Encounter with the Unknown is a 1972 American anthology horror film directed by Harry Thomason in his directorial debut, and narrated by Rod Serling. It features three allegedly true stories involving the supernatural. The film was produced by Centronics International, an Arkansas-based studio founded by Thomason.

==Plot==
The film presents three allegedly true stories of the supernatural. The first story, "The Heptagon," opens on a somber note at the funeral of college student Johnny Davis. His friends Dave, Frank and Randy are in attendance at the burial. It is revealed that they played a seemingly innocent phone prank on Johnny, telling him to go to a certain address where a date was waiting. The old woman who lived at the address accidentally shot Johnny to death. As the funeral service ends, Johnny's mother (who is the seventh daughter of a seventh son) recites a cryptic message to the three young men she blames for the death of her son: "One by land, two by sky...seven times around go the three of you, and may your reward be just and true." Later Frank relates this story to a priest, Father Duane, sitting next to him on a plane. He says that Dave was run over and killed seven days after the funeral. The priest tries to ease Frank's anxiety, assuring him that it's all a coincidence. However, after Father Duane exits the plane, it crashes upon takeoff. On the runway, Father Duane attempts to comfort a dying Frank, who tells him that exactly fourteen days have passed since Johnny's burial. The troubled priest—beginning to suspect that there might be more to this pattern of deaths than mere chance—speaks to his superior, who suggests telephoning the remaining young man at the state university. Father Duane tries to call Randy but instead reaches his roommate, who tells him that Randy has gone skydiving. It is now twenty-one days after Johnny's burial, the narrator reminds us, and according to Mrs. Davis's prophecy, two of the young men would perish by sky.

The second story, "The Darkness," is set in rural Missouri during the early twentieth century and involves the disappearance of a boy's dog in the vicinity of a mysterious hole in the ground. Concerned about the inexplicable moaning sounds coming from the hole, the boy's father agrees to be lowered in on a rope to see if he can recover the dog and to find out what's making the noise. Suddenly a terrifying scream emerges from the depths of the pit and the boy's father, now a raving lunatic, is hoisted back up. The mystery of the hole is never solved, and the story closes with the narrator's revelation that the father spent the rest of his life in an insane asylum.

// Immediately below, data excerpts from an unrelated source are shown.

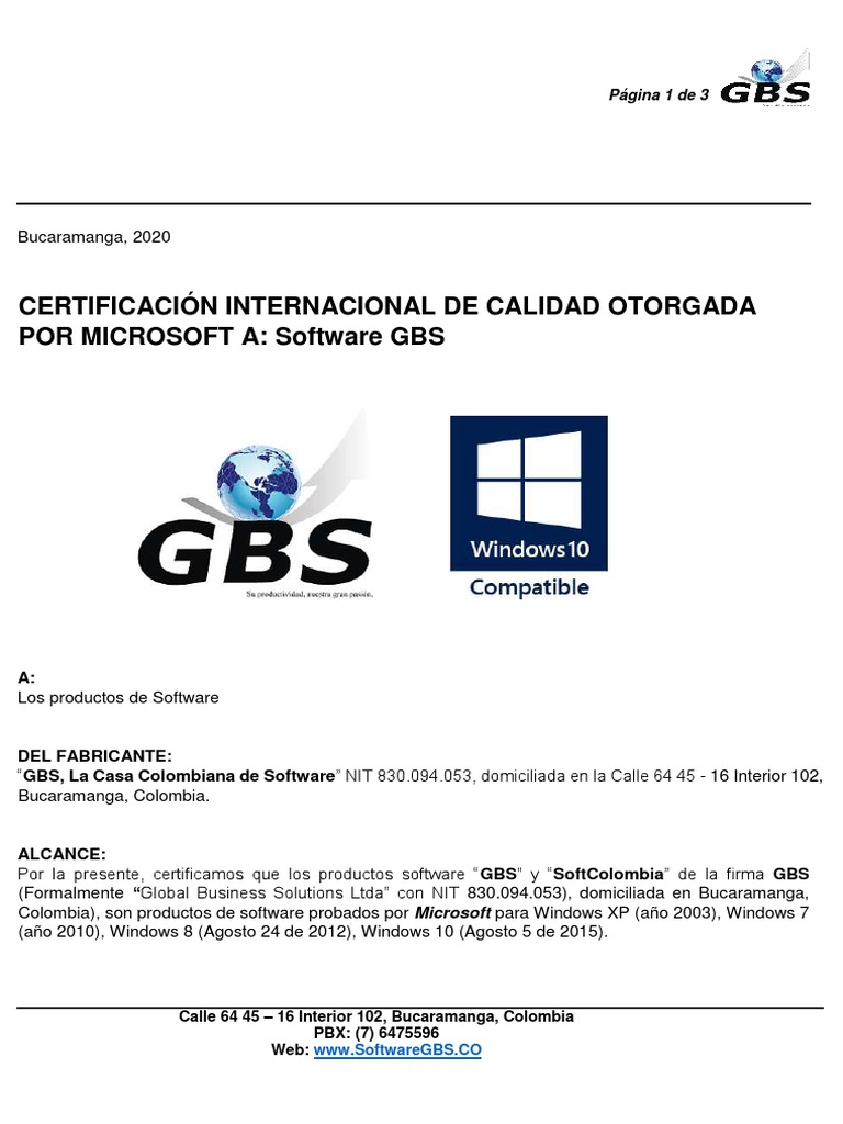 Por la presente, certificamos que los productos software “GBS” y “SoftColombia” de la firma GBS
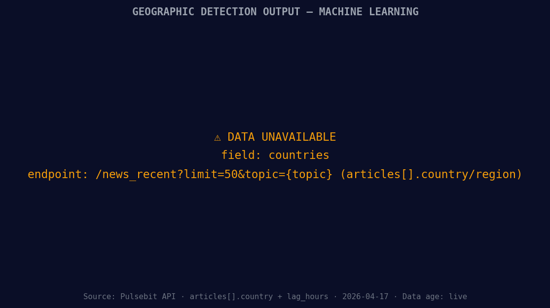 [DATA UNAVAILABLE: countries — verify /news_recent is returning country/region values for topic: machine learning]
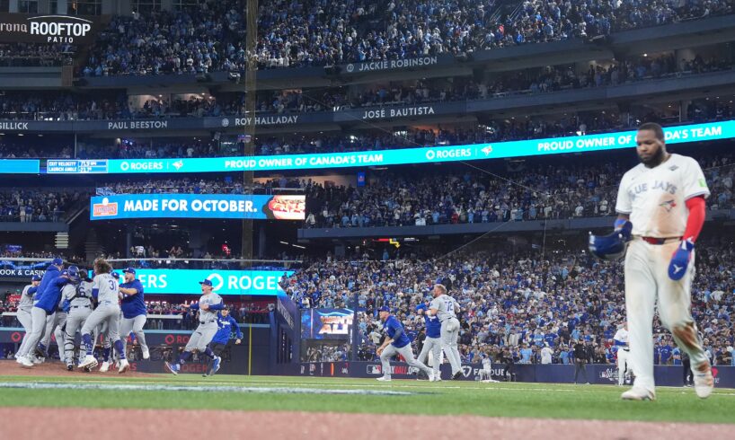 The Los Angeles Dodgers celebrate as Toronto Blue Jays’ Vladimir Guerrero Jr. walks off the field after the Dodgers won Game 7 of the World Series in Toronto on Saturday.Nathan Denette/The Canadian Press
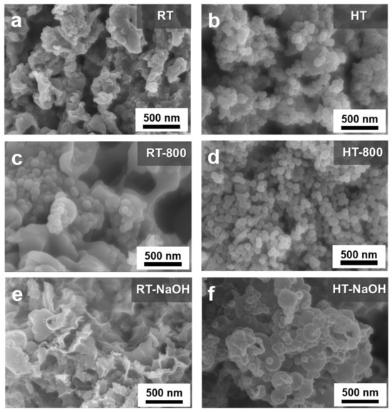 FE-SEM images of (a,c,e) composite samples prepared via RT and (b,d,f) HT before and after pyrolysis and NaOH etching of SiO2 template.

The final segment, "The Girl on the Bridge," involves a strange disoriented girl and the Arkansas state senator who attempts to give her a ride home. Most of the story unfolds via the girl's flashbacks; as the senator and his wife arrive at the address the girl had given them, they find that she has mysteriously vanished from the back seat of the car. The girl's elderly father answers the door, telling the senator that his daughter died in a car accident many years earlier when she and her boyfriend were leaving town to get married. The father had disapproved of the relationship and told his daughter that he would rather see her dead.

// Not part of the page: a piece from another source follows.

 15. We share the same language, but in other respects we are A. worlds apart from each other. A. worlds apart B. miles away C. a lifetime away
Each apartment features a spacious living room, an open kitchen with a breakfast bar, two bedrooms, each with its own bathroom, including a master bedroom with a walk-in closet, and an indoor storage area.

According to the opening narration, the stories are based on research conducted by Dr. Jonathan Rankin, a parapsychologist, but this is evidently a fictional device as no record of the name "Jonathan Rankin" exists in the annals of parapsychological research. One of the segments, "The Girl on the Bridge," is simply a version of the Vanishing hitchhiker, a widespread and very popular urban legend. The stories themselves are narrated by Rod Serling, but the opening and closing portions of the film feature a second, uncredited narrator.

==Production==
Encounters with the Unknown marked the feature film debut of Harry Thomason, and the first film produced by Thomason's production company, Centronics International, which was based in Little Rock, Arkansas. The studio's second feature, So Sad About Gloria (1973), was filmed simultaneous to Encounter with the Unknown.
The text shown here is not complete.